E. Toelichting op de instrumenten
Uitgaven en ontvangsten
De totale uitgaven en ontvangsten zijn opgebouwd uit drie onderdelen: rente, leningen, en mutaties in rekening-courant en deposito.
Rente
Onder de rentelasten vallen de rentebetalingen van het Rijk aan de deelnemers van schatkistbankieren. Deelnemers ontvangen rente over een positief saldo op hun rekening-courant en op de deposito’s die ze bij de schatkist hebben geplaatst. De rentebaten bestaan uit de door deelnemers aan het Rijk betaalde rente op leningen en op roodstanden in de rekening-courant. De verwachte rentelasten zijn in 2020 lager dan de verwachte rentebaten. Dit komt door de lage rentestand, waardoor de Staat weinig betaalt op positieve saldi. Leningen hebben langere looptijden met bijbehorende hogere rentes waardoor de rentebaten in 2020 hoger zijn dan de rentelasten. In de jaren na 2020 zullen de rentelasten een aanzienlijke stijging gaan vertonen. Dit komt ten eerste omdat de saldi van de sociale fondsen naar verwachting de komende jaren gaan toenemen. Ten tweede laat de middellangetermijnraming van het CPB in de jaren na 2020 hogere rentepercentages zien dan in de jaren 2019 en 2020. De door het CPB geraamde rentepercentages worden gebruikt voor de raming van de rentelasten.
Leningen
De posten verstrekte leningen en ontvangen aflossingen geven de geraamde uitgifte van nieuwe leningen (uitgave voor het Rijk) en de aflossingen op eerder afgesloten leningen (ontvangst voor het Rijk) weer. Als leningen voortijdig worden beëindigd dan worden deze afgelost tegen de marktwaarde van de lening op dat moment of een boetebedrag. Hierdoor kan gedurende het jaar een extra uitgave of ontvangst voor het Rijk ontstaan. Deze worden geboekt als uitgaven of ontvangsten bij voortijdige beëindiging.

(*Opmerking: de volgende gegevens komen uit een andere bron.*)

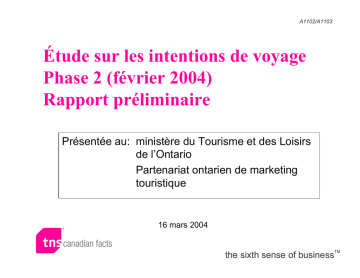 A1102/A1103 Étude sur les intentions de voyage Phase 2 (février 2004) Rapport préliminaire Présentée au: ministère du Tourisme et des Loisirs de l’Ontario Partenariat ontarien de marketing touristique 16 mars 2004 TM the sixth sense of business Contexte L’étude a pour objet d’évaluer les intentions de voyage en Ontario et vers certaines destinations spécifiques de l’Ontario sur les marchés clés américain et canadien. Les renseignements recueillis serviront à : évaluer l’incidence des événements défavorables sur les voyages en Ontario; prévoir la demande pour aider la planification industrielle; fournir des renseignements utiles à la rédaction et au ciblage des messages promotionnels, ainsi qu’à l’ensemble des efforts de marketing. La présentation met l’accent sur les premiers résultats portant sur deux facteurs principaux : l’impact du SRAS et d’autres événements défavorables sur les projets de voyage en Ontario; une estimation des intentions de voyage en Ontario sur les marchés clés. ©2004 TNS - Confidentiel 2 Méthodologie Le sondage a été effectué par téléphone auprès de personnes âgées de dix-huit ans ou plus. Pour cette deuxième phase, l’enquête a été réalisée essentiellement au cours du mois de février 2004. Elle fait suite à la première phase réalisée en novembre 2003. L’étude porte principalement sur les intentions de voyage pour la saison prochaine (de mars à mai) et, en second lieu, sur la saison suivante (de juin à août). Une méthodologie rigoureuse a été utilisée : La méthode RDD (« random digit dialing ») modifiée, méthode qui compose aléatoirement des numéros de téléphone à partir d’un échantillon basé sur les numéros de téléphone listés; des rappels multiples (8 appels pour conclure, une fois la première communication établie avec un logement); un rappel supplémentaire en cas de refus « modéré ». ©2004 TNS - Confidentiel 3 Méthodologie (suite) La méthodologie Trodahl-Carder a été utilisée pour sélectionner une seule personne remplissant les conditions d’âge par logement. L’échantillon a été réparti sans proportionnalité entre les différents marchés, de la manière suivante : Attribu s ©2004 TNS - Confidentiel R alis s Ğ P hase 2 400 200 80 180 80 60 100 378 228 81 180 106 62 130 300 200 372 188 300 308 4 Méthodologie (suite) Attribu s R alis s Ğ P hase 2 300 300 200 181 43 87 306 318 204 183 44 66 230 70 227 72 90 55 85 56 150 31 163 37 ƒ tats-UnisÊ: Rochester MSA ©2004 TNS - Confidentiel 5 Méthodologie (suite) Attribu s R alis s Ğ Phase 2 300 84 64 311 81 85 200 41 295 38 200 100 104 60 204 115 111 51 300 150 77 336 197 72 200 67 213 67 100 119 118 113 ƒ tats-UnisÊ: (suite) Detroit PMSA ©2004 TNS - Confidentiel 6 Méthodologie (suite) Au total, 6 202 entretiens ont été réalisés : 2 033 au Canada; 4 169 aux États-Unis. Au stade du traitement des données, l’échantillon a été pondéré en trois étapes, en utilisant les dernières données de recensement disponibles pour chaque pays : la taille des ménages selon le marché; le coefficient de pondération des ménages (pour tenir compte des probabilités de sélection différentielle dues aux variations du nombre d’individus de l’âge recherché dans chaque ménage); l’âge, par sexe et par marché. ©2004 TNS - Confidentiel 7 Grandes lignes de la présentation Incidence des événements défavorables Incidence du SRAS : variations pour chaque marché Intentions de voyage Perception de l’Ontario en tant que destination de voyage Conclusions et implications ©2004 TNS - Confidentiel 8 Incidence des événements défavorables TM the sixth sense of business Conscience des événements défavorables Pourcentage des personnes de 18 ans et plus dans chaque marché Nov. 03 % Canada : SRAS ƒ tats-UnisÊ: SRAS ©2004 TNS - Confidentiel F vr. 04 % 98 80 98 97 98 86 97 98 93 86 97 92 95 88 97 96 Variation (nov. - févr.) - + ±0 +6 -1 +1 +2 +2 ±0 +4 10 Impact des événements sur les voyages à Toronto en mai 2004 Nombre de personnes de 18 ans et plus (en milliers) qui disent hésiter à visiter Toronto pour les raisons indiquées. Variation par rapport à nov. 03 Février 04 Canadiens: SRAS Alertes/terrorisme É.-U. (2%) 258 Virus du Nil occidental (2%) 254 Maladie de la vache folle Certaines de ces raisons (1%) +96 535 (4%) 152 (6%) 712 Américains: SRAS (7%) Alertes/terrorisme É.-U. (6%) Virus du Nil occidental (2%) Maladie de la vache folle (3%) Certaines de ces raisons (13%) ©2004 TNS - Confidentiel 4.822 +435 4.140 1.666 2.322 9.262 11 Impact des événements sur les voyages à Niagara Falls en mai 2004 Nombre de personnes de 18 ans et plus (en milliers) qui disent hésiter à visiter Niagara Falls pour les raisons indiquées. Variation par rapport à nov. 03 Février 04 Canadiens: SRAS (3%) Alertes/terrorisme É.-U. (2%) 278 Virus du Nil occidental (2%) 258 Maladie de la vache folle Certaines de ces raisons (1%) -47 387 (6%) 165 (6%) 708 Américains: SRAS (4%) Alertes/terrorisme É.-U. (5%) Virus du Nil occidental (2%) Maladie de la vache folle (2%) Certaines de ces raisons (9%) ©2004 TNS - Confidentiel -401 2.603 3.607 1.451 1.602 6.850 12 Impact des événements sur les autres voyages en Ontario en mai 2004 Nombre de personnes de 18 ans et plus (en milliers) qui disent hésiter à visiter d’autres destinations en Ontario pour les raisons indiquées. Février 04 Canadiens: SRAS (4%) Alertes/terrorisme É.-U. (2%) Virus du Nil occidental (3%) Maladie de la vache folle Certaines de ces raisons (2%) 535 256 346 214 (7%) 893 Américains: SRAS (4%) Alertes/terrorisme É.-U. (5%) Virus du Nil occidental (2%) Maladie de la vache folle (3%) Certaines de ces raisons (10%) ©2004 TNS - Confidentiel 2.941 3.447 1.687 1.963 7.121 13 Incidence du SRAS : variations par marché TM the sixth sense of business Incidence du SRAS sur Toronto : variations par secteur géographique canadie

Mutaties in rekening-courant en deposito’s
De posten toename en afname saldi in rekening-courant57 en deposito’s58 geven het bedrag weer dat naar verwachting door alle deelnemers in de schatkist wordt gestort (ontvangst voor het Rijk) of juist wordt opgenomen (uitgave voor het Rijk). Voor 2020 wordt een instroom van middelen, en dus inkomsten voor het Rijk, van € 6,3 mld. geraamd. Deze instroom wordt veroorzaakt doordat de sociale fondsen meer inkomsten dan uitgaven hebben.